Here’s the head of the City Council.
Experts are also urging New York City to shut the system down. Former FDA commissioner Scott Gottlieb has called New York a dangerous outlier.
The Centers for Disease Control and Prevention has said that for school closures to work at all, they need to be long. Boston’s schools are closed through April.
Meanwhile, teachers in New York are beginning to organize a “mass sick out.” Here is the full note from my kids’ principal.
>I am writing to you all to let you know that as of right now NYC schools continue to be open. I am also reaching out to let you know that I have been notified that a member of our parent body has been confirmed to have tested positive for COVID-19. Perhaps you may have heard rumors milling already. I have reached out to the Department of Education for additional guidance. They have mandated the building be cleaned at this time. Beyond that, I cannot wait for them and feel it is critical that I notify you. I feel very strongly about this and that is why I am writing to you to notify you, not to panic you. Information is critical at this time The health and safety of our students, families and staff is our utmost priority. While we know that the risk of serious illness for the majority may be low, the risk of spreading the virus is more unknown. This individual is following the guidelines from their health care professionals and is not posing a risk to anyone in our community at this time. Please monitor your own health and any symptoms as we have all been directed to do at this time. I will be sharing more information as soon as I have it.

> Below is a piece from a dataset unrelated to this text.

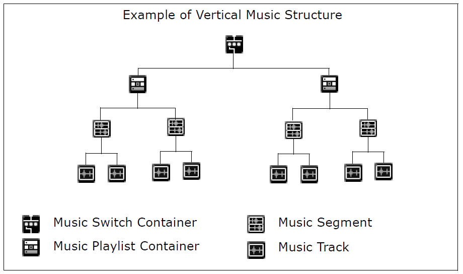 Wwise offers you great flexibility when it comes to creating the interactive music for your project. There is an almost infinite number of ways to assemble interactive music objects into a game score. However, following some kind of consistent structure can make your workflow more efficient.

>I am advocating in every way that I can that our school, as well all New York City Public Schools, be closed at this time. I cannot make that decision. I would if I could. I understand closing schools is a very complex issue for our city as a whole, I also whole-heartedly understand that you are all very worried. I understand that you are worried about the well-being of your families, yourself, our staff and our community. It is very hard to reconcile all the closures and postponed events both on a small and large scale and understand why having our regularly scheduled days in school continue. The Department of Education has told us that no one will be penalized for COVID-19 -related absences during this time. Please do what is best for each of your families individually.
>I understand that considering these recent developments you may wish to keep your child at home on Monday and moving forward. I also understand that our staff members will feel the same way. However, I will be at school on Monday, as I do not expect they will close us at this time. I know that we will work to create the best possible safe environment for your children if they are in school.
>I know you may have many questions. I will send updates as I get them. I would be remiss if I did not say how fortunate and grateful I feel to work with such amazing students, staff, and this entire community every day.
Update, March 15, 2020: A principal at a second New York City public school emailed families telling them — over city objections — that a parent had tested positive for COVID-19: “I have been instructed to not send out any communica[tions] to you but at this point, I felt it was urgent and the interest of public health to share this information.”
Here is the full letter, obtained by ProPublica, which the principal sent Sunday morning.
Later on Sunday, New York City Mayor Bill de Blasio announced that public schools would close for more than a month.
Asked about the principal's letter, a spokeswoman for the New York City Department of Education did not address the city's lack of notification to families. “Health and safety always comes first,” wrote spokeswoman Danielle Filson in an email. “All of our school buildings will be deep cleaned tomorrow.”